News

Arcee takes leading role in model merging innovations

Arcee's recent merger with mergekit has made us a leader in model merging research and development. Check out our video interview with mergekit Founder Charles Goddard, who's come onboard our team as a Senior Research Engineer.

Mary MacCarthy

Mar 1, 2024 • 2 min read

Arcee is proud to be the pioneer in model merging, after recently joining forces with mergekit.

mergekit was created by former NASA and Apple engineer Charles Goddard. He had been experimenting with model merging techniques and found that most of the cutting-edge research papers did not include code releases. He decided to share his work with the open source community as a remarkably easy-to-use and resource-efficient toolkit that he called “mergekit.”

Here at Arcee, it wasn’t long before our researchers came across mergekit, and immediately recognized its value. We reached out to Charles, and the rest is history: Arcee and mergekit merged, with the toolkit now available on Arcee’s Github repository and Charles joining our team as a Senior Research Engineer.

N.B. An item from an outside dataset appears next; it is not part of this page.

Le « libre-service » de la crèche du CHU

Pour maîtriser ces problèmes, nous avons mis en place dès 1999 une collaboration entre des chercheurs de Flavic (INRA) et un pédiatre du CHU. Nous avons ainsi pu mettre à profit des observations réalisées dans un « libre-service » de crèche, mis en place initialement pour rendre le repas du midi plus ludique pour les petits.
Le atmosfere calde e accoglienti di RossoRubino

We’re absolutely thrilled to have Charles on board, and we share his vision of model merging as one of the most important innovations happening in LLM research. We also share his deeply-felt commitment to keeping mergekit open source.

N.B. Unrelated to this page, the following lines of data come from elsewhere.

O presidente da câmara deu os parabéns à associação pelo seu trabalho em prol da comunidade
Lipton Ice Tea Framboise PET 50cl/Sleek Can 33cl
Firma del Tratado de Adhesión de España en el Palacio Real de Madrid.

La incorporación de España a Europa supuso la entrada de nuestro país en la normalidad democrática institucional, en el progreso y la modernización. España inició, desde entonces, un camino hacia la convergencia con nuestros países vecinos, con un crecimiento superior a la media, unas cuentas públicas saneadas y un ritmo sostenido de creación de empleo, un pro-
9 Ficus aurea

Over the next few weeks, we’ll be telling you more about:
• how model merging works
• how you and your organization can use it
• why it fits so well into Arcee’s Small Language Model (SLM) system
• specific uses cases.

Today, you can check out this introductory video from Charles, in which he starts to explain the basics of model merging.

0:00

/0:59

VIDEO TRANSCRIPT
CHARLES GODDARD, mergekit Founder

Model merging is a way to take pre-trained checkpoints of language models, or of any models actually...

mergekit applies it in particular to the field of language models, but the general technique works in computer vision, it works in natural language processing…. it works basically anywhere you have a neural network, more or less.

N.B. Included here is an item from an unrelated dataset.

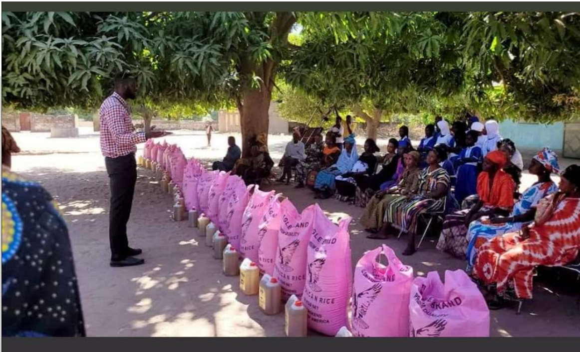
Foto: Lamin Bojang bei der Übergabe der Reissäcke an die Familien der Patenkinder im Januar 2022

Model merging takes two or more pre-trained checkpoints and combines them to get a model that has some portion of the strengths and abilities of both…

I like to think of model merging as a way to extend the value of these pre-trained checkpoints...

This is because companies spend huge amounts of money to produce these models, which are useful by themselves just as they're released–but shortly afterwards there's a new, cooler model.

But there's no reason that these checkpoints have to stop being useful at that point. They still represent a huge amount of computation and research efforts and energy and care.”